BD-I is the critical differential. It requires at least one lifetime manic episode. If a patient’s reported ‘hypomanic’ episode caused marked functional impairment, required hospitalization, or was accompanied by psychotic features, the diagnosis must be BD-I. A thorough longitudinal history and collateral information are essential. A single missed manic episode completely alters both the diagnosis and treatment plan (APA, 2022).

Major Depressive Disorder (MDD)

MDD is the most common misdiagnosis for BD-II. Patients with BD-II frequently present for treatment during depressive phases and may not volunteer a hypomanic history, either through lack of illness insight or through normalizing their hypomanic states. Clinicians must proactively screen for past hypomanic episodes using validated tools such as the MDQ and HCL-32, as well as collateral history. Prescribing antidepressant monotherapy on the basis of an MDD diagnosis carries the risk of precipitating mixed features, accelerating cycling, and triggering mood switches (Berk et al., 2025; Shah et al., 2017).

Cyclothymic Disorder

Cyclothymic disorder involves numerous periods of hypomanic and depressive symptoms that do not meet full criteria for a hypomanic or major depressive episode, persisting for at least two years. When criteria for both a hypomanic episode and a major depressive episode are met at any point, BD-II takes diagnostic precedence (APA, 2022). Cyclothymic temperament is a significant premorbid predictor of BD-II (Berk et al., 2025).

Borderline Personality Disorder (BPD)

BPD is one of the most clinically challenging differentials for BD-II. Overlapping features include affective instability, impulsivity, interpersonal sensitivity, and suicidal behaviour.

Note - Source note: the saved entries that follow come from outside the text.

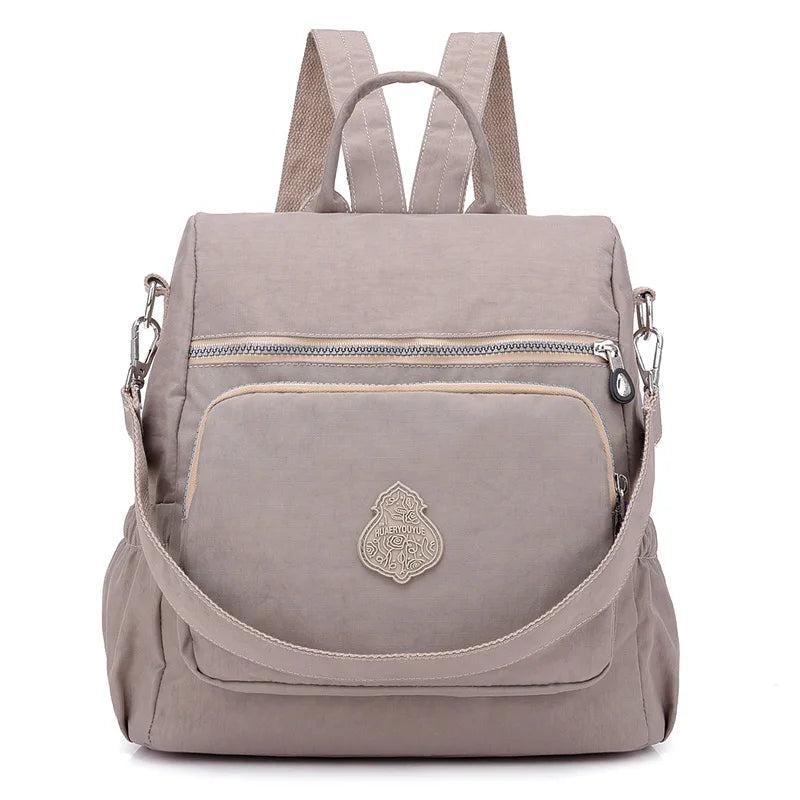 This women's backpack is made of durable nylon cloth and features a spacious interior, suitable for school and everyday use. The waterproof design ensures your belongings stay dry in any weather.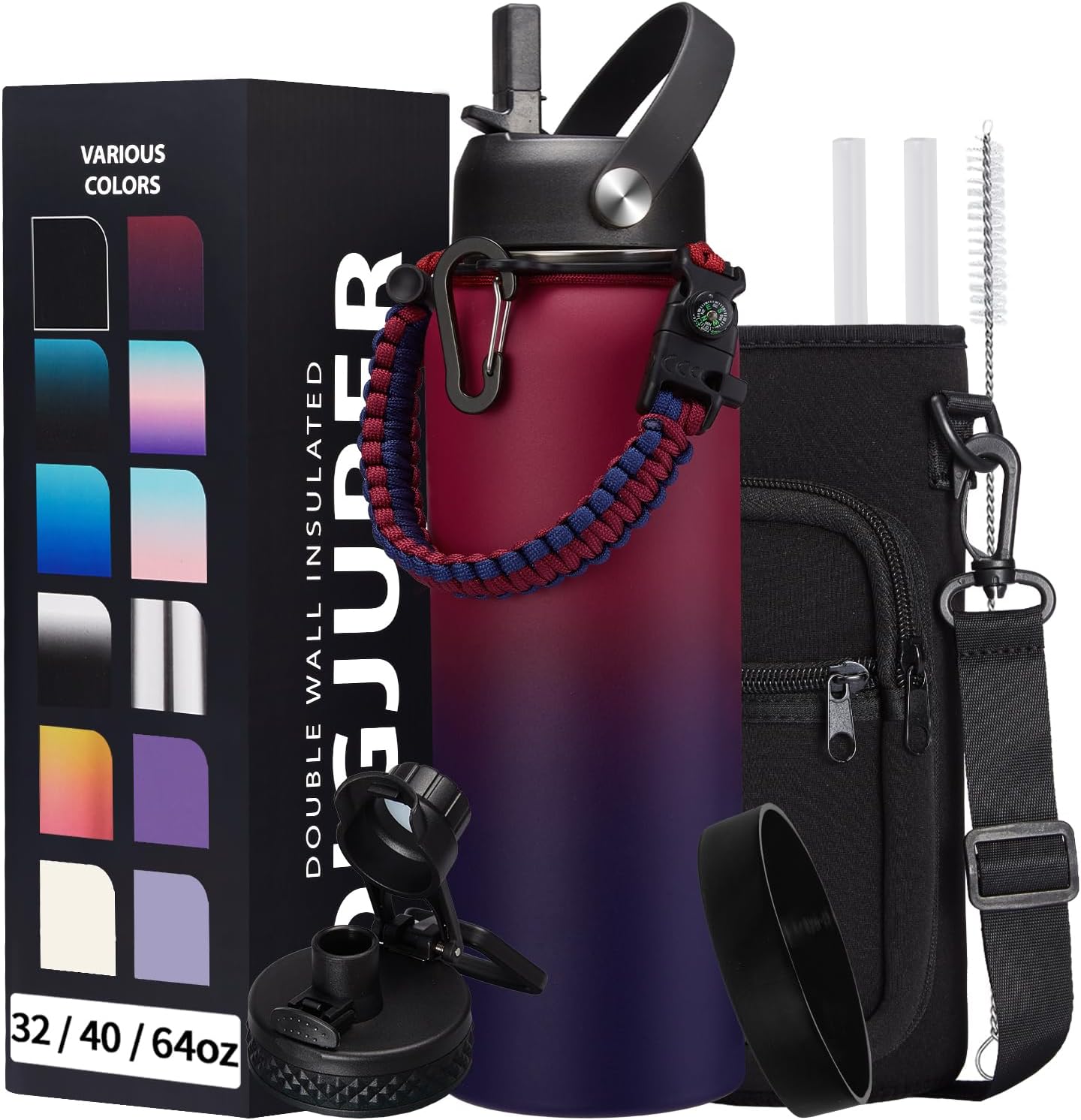 - COMBO—Super Deal: Buy 40oz stainless steel water bottles and get 9 accessories (2 x lids, 1 x survival paracord, 1 x carrying pouch, 1 x shoulder strap, 1 x protective cup mat, 2 x straws, 1 x straw brush). WITH A LIFETIME GUARANTEE, these thermal water bottles are the perfect gift for use at home, work, school, road trips, hiking, sporting events, or just hanging out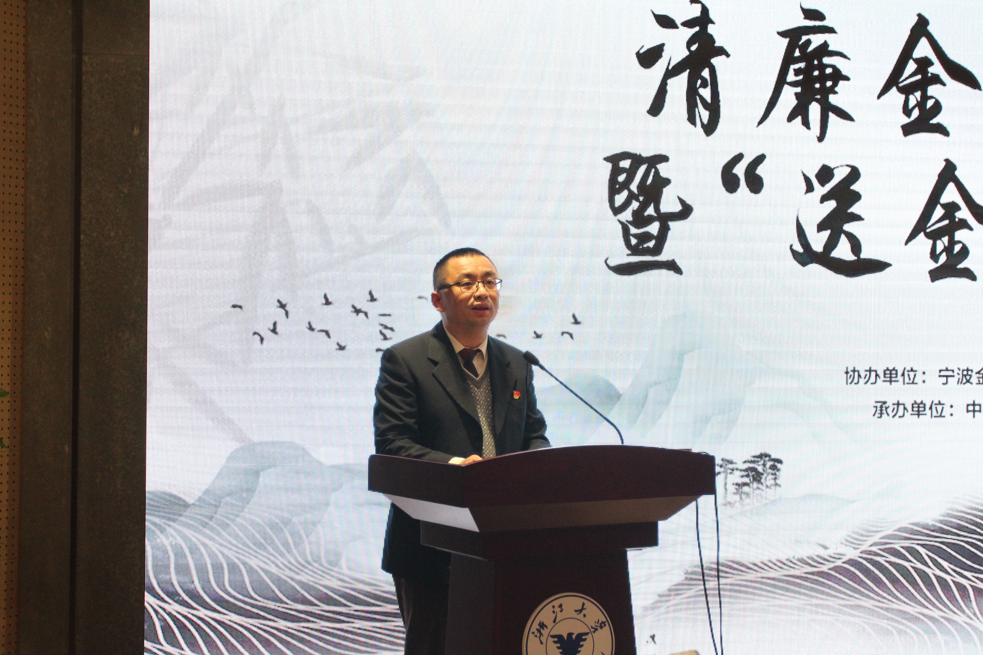 接着,商学院党委副书记、纪委书记吴琼代表活动承办方致辞。她表示,金融安全是国家安全的重要组成部分,清廉金融文化建设文化始终是一个重要的课题。青年学生正处在世界观、价值观和人生观形成的关键时刻,在学生步入职场前,将廉洁思想根植于学生群体当中,引导青年学生树立坚定的廉洁信念,十分有必要。高校承担着为党和国家金融事业以及宁波的清廉文化建设培养既有廉洁操守又有知识技能的金融力量的重任,需要各方的大力支持。

There are several key distinguishing features. In BPD, affective shifts are typically reactive to interpersonal stressors and last hours to days; in BD-II, mood episodes last days to weeks without requiring an interpersonal trigger. BD-II hypomanic episodes involve increased energy and decreased sleep need — features that are absent in BPD. It is also important to note that borderline personality traits are significantly more frequent and severe in BD-II than in BD-I, and both conditions commonly co-occur (Berk et al., 2025). Longitudinal assessment over multiple encounters is the most reliable differentiating strategy.

Attention-Deficit/Hyperactivity Disorder (ADHD)

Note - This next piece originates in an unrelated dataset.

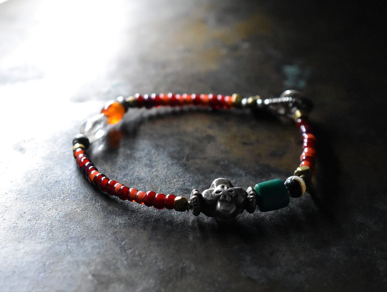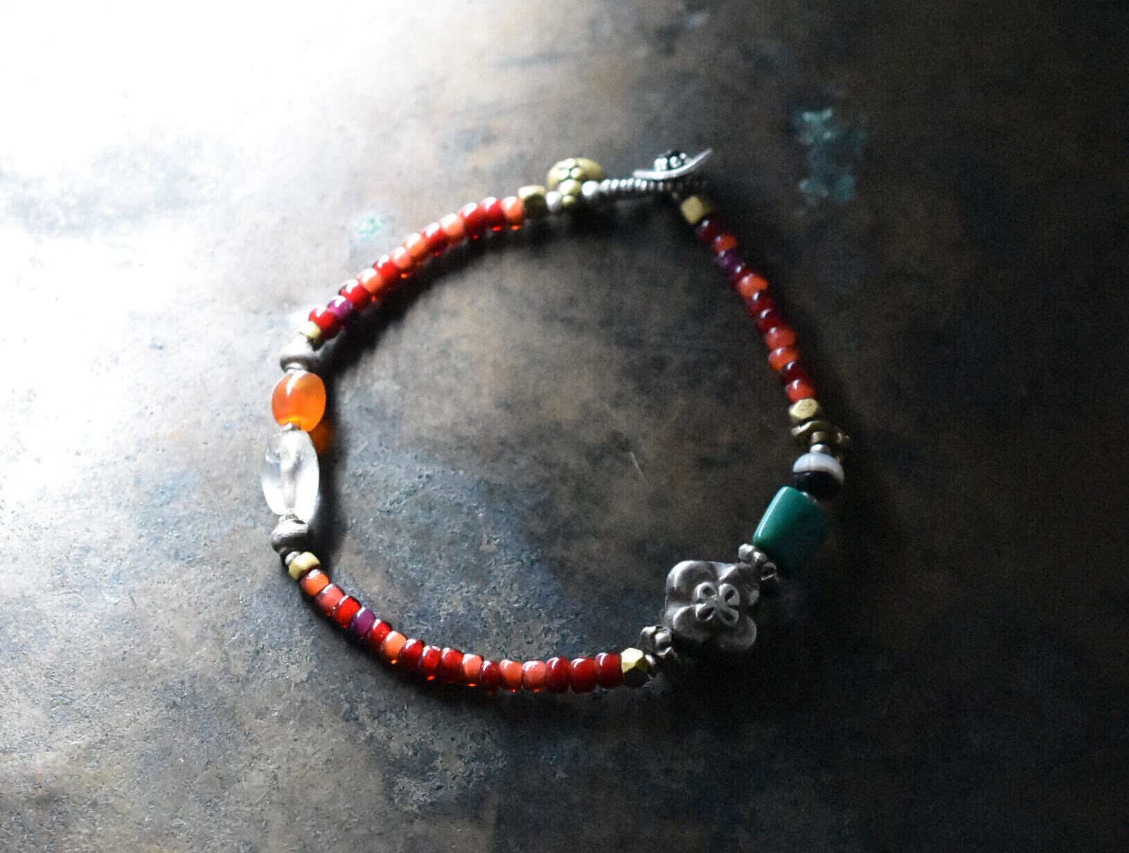 oldヒマーチャルシルバーとoldチベタンターコイズ、古代瑪瑙、古代水晶、ミゾーラムカーネリアン、血赤&金赤ホワイトハーツなどを繋いだブレスです。

ADHD is a chronic, non-episodic neurodevelopmental disorder with childhood onset. Distractibility, impulsivity, and emotional dysregulation overlap with BD-II hypomanic features. The key distinction is that ADHD lacks the episodic, time-limited nature of hypomania; elevated mood, decreased sleep need, grandiosity, and flight of ideas are not features of ADHD. Comorbid ADHD occurs in approximately 18.6% of patients with bipolar disorder (Léda-Rêgo et al., 2024) and requires independent assessment and treatment.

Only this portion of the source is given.